Denise rief noch mal seinen Namen. Sollte sie auch das Zimmer von André überprüfen? Sie blieb vor seiner Tür stehen, aber noch zögerte sie und dachte an das Versprechen, das sie ihrem Sohn gegeben hatte. Wie oft hatte sie ihm versichert, seine Privatsphäre zu respektieren?

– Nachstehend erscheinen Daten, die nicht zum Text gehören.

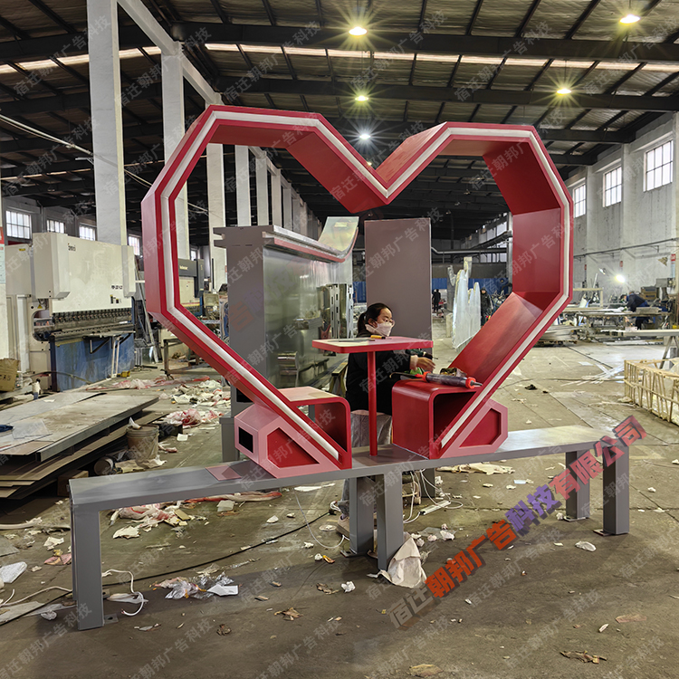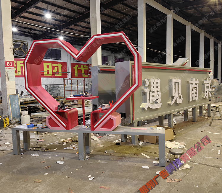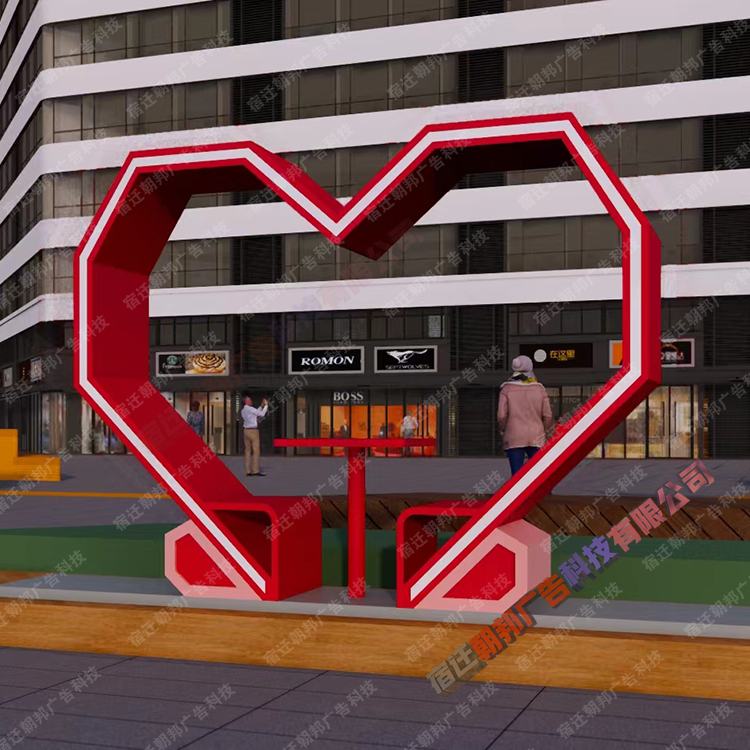 爱心雕塑发光文字景墙
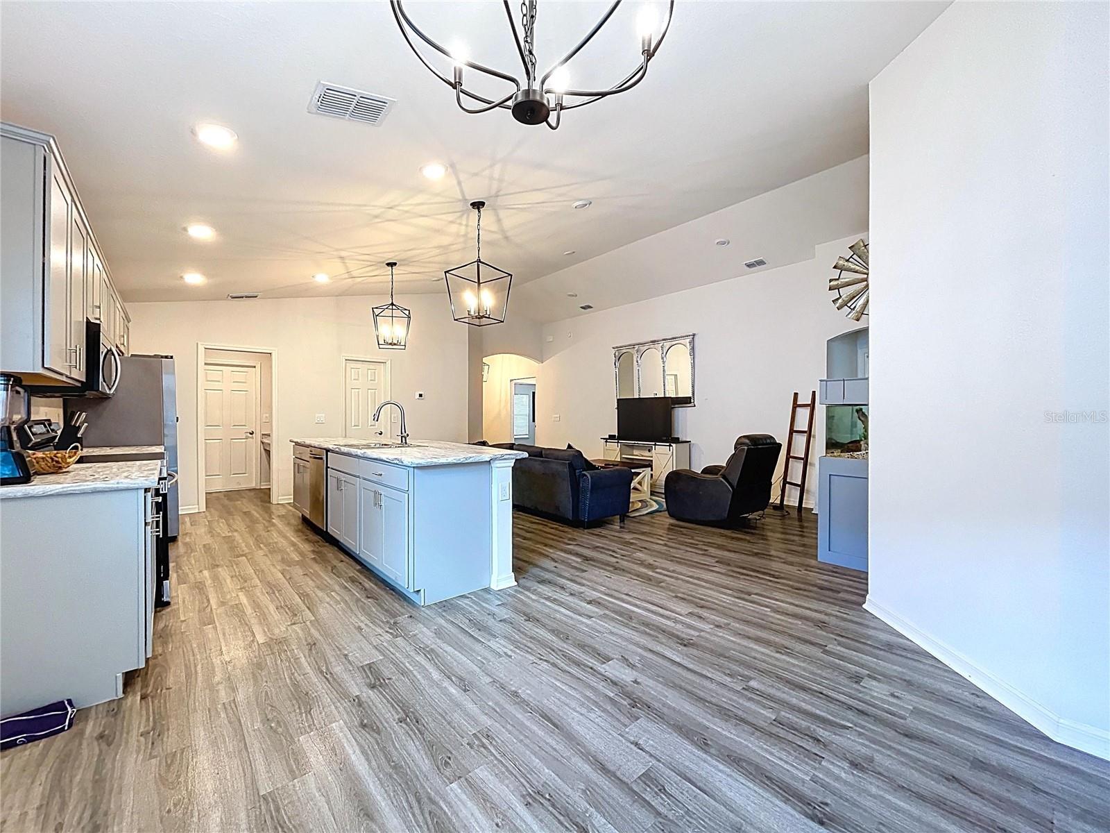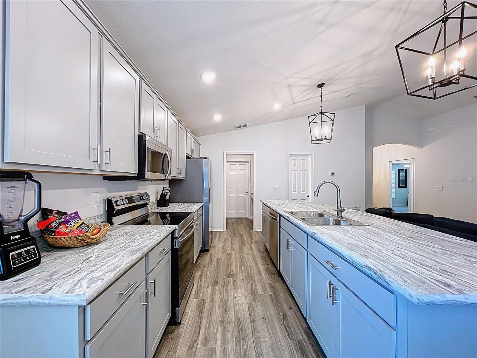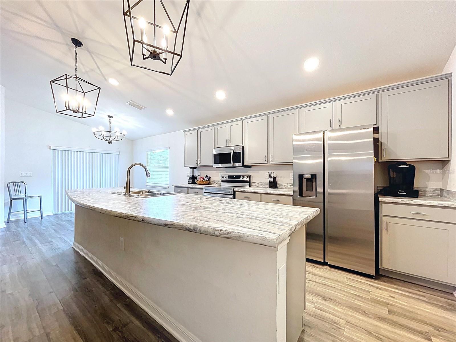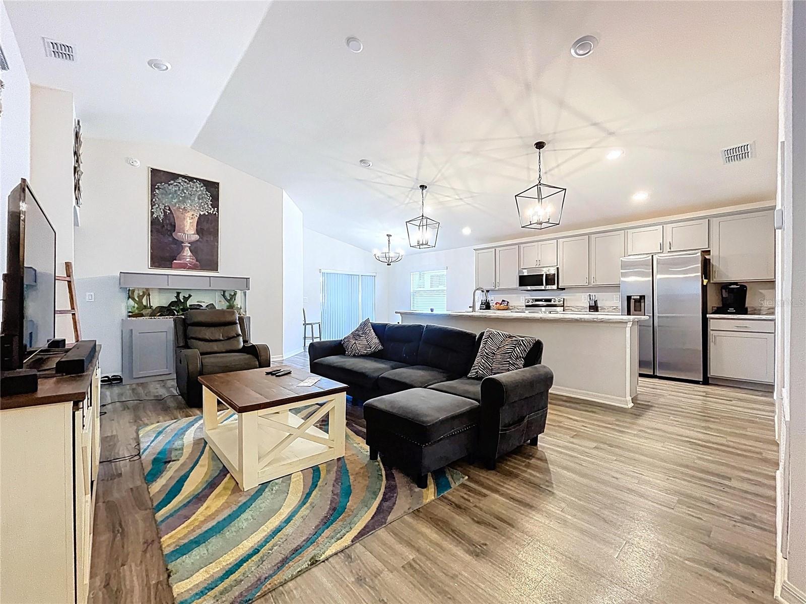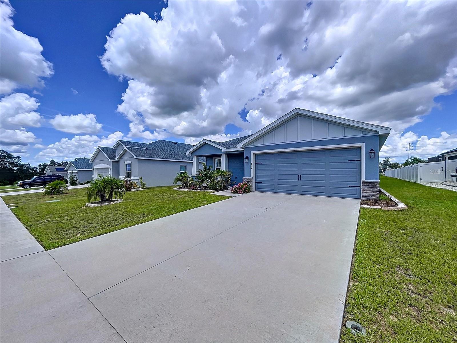 Modern Comfort Meets Timeless Style! Welcome to your dream home! This beautifully designed 4-bedroom, 2-bath new construction offers 1,715 sq. ft. of thoughtfully crafted living space—all on one convenient level. Step inside to a bright, open-concept layout perfect for both entertaining and everyday living. The chef-inspired kitchen features elegant stone-gray shaker cabinets with crown molding, sleek Samsung stainless steel appliances, a walk-in pantry, and a spacious island that seamlessly flows into the dining café and gathering room. You'll love the stylish and durable luxury vinyl plank flooring throughout the main living areas, laundry room, and bathrooms, while the bedrooms have plush, stain-resistant carpeting for added comfort. The private owner’s suite is your personal retreat, complete with a walk-in closet and a spa-like en-suite bath featuring dual vanities, a tiled walk-in shower, and a private water closet. Additional highlights include: Covered lanai for relaxing outdoors 2-car garage Custom-fit window blinds throughout Architectural shingles for a classic look Energy-efficient insulation and windows This home combines modern finishes with quality craftsmanship—ready for you to move in and make it your own. Don’t miss this incredible opportunity!

Bevor sie den Türgriff herunterdrückte, klopfte sie auch an diese Tür und rief noch mal nach Jacob. Doch die Tür zu Andrés Zimmer war fest verschlossen. Um ganz sicherzugehen, warf sie auch noch einen Blick ins Badezimmer. Doch Jacob war auch nicht hier.

Denise ging wieder nach unten und setzte sich an den gedeckten Tisch. Sie überlegte und versuchte sich an die Unterhaltung von heute Morgen zu erinnern. Hatte Jacob von seinen Plänen gesprochen? Sie holte ihr Handy aus ihrer Hosentasche und rief ihn an. Es klingelte. Wenigstens war sein Handy nicht ausgeschaltet! Doch leider ging nur die Mailbox ran.

„Hey Jacob! Mama hier“, sprach Denise auf das Band. „Irgendwie habe ich deine Pläne für heute Abend nicht mehr im Kopf. Melde dich mal zurück, damit ich weiß, wo du steckst.“

Sie hoffte, er würde die Nachricht abhören und sich bald zurückmelden. Handys waren in seinem Alter nicht immer gang und gäbe. Einige Mitschüler hatten auch schon welche, aber andere duften noch keines haben. Denise war anfangs auch skeptisch gewesen. Immerhin wollte sie nicht, dass ihr Sohn zu viel Zeit auf diesen Bildschirm starrte und nichts mehr von seiner Umwelt mitbekam. Doch Jacob hatte sein Handy meist nur irgendwo herumliegen und oft musste sie ihn überhaupt erst daran erinnern, es mitzunehmen, wenn er das Haus verließ. In seinem Leben spielte das Handy noch keine wichtige Rolle. Ganz anders als bei seinem älteren Bruder.

André sah man kaum noch ohne sein Smartphone. Es war immer in seiner Nähe oder andersherum, er war immer in der Nähe seines Smartphones. Als er anfing, es mit an den Esstisch zu bringen, sprach Denise ein Machtwort. Ihr Mann hatte damals nur die Augen verdreht. Aber letztendlich hatten sie sich darauf geeinigt, dass es beim Essen kein Platz für diesen technischen Schnickschnack gab. Und seither klappte das auch ganz gut.

Auch wenn sie nur noch zu dritt waren, so hielten sie weiterhin diese Abmachung ein. Bis jetzt.

Denise nahm ein paar Bissen von ihrem Brot, doch irgendwie war ihr der Appetit vergangen. Sie starrte immer wieder auf ihr Handy und wartete auf ein Zeichen von ihrem Sohn. Nein, sie konnte jetzt nichts essen! In ihrem Inneren breitete sich eine Unruhe aus und sie konnte keine Sekunde länger sitzen bleiben. Sie stand auf und räumte den Tisch ab. Sie stellte alles wieder an seinen Platz zurück und ging ins Wohnzimmer.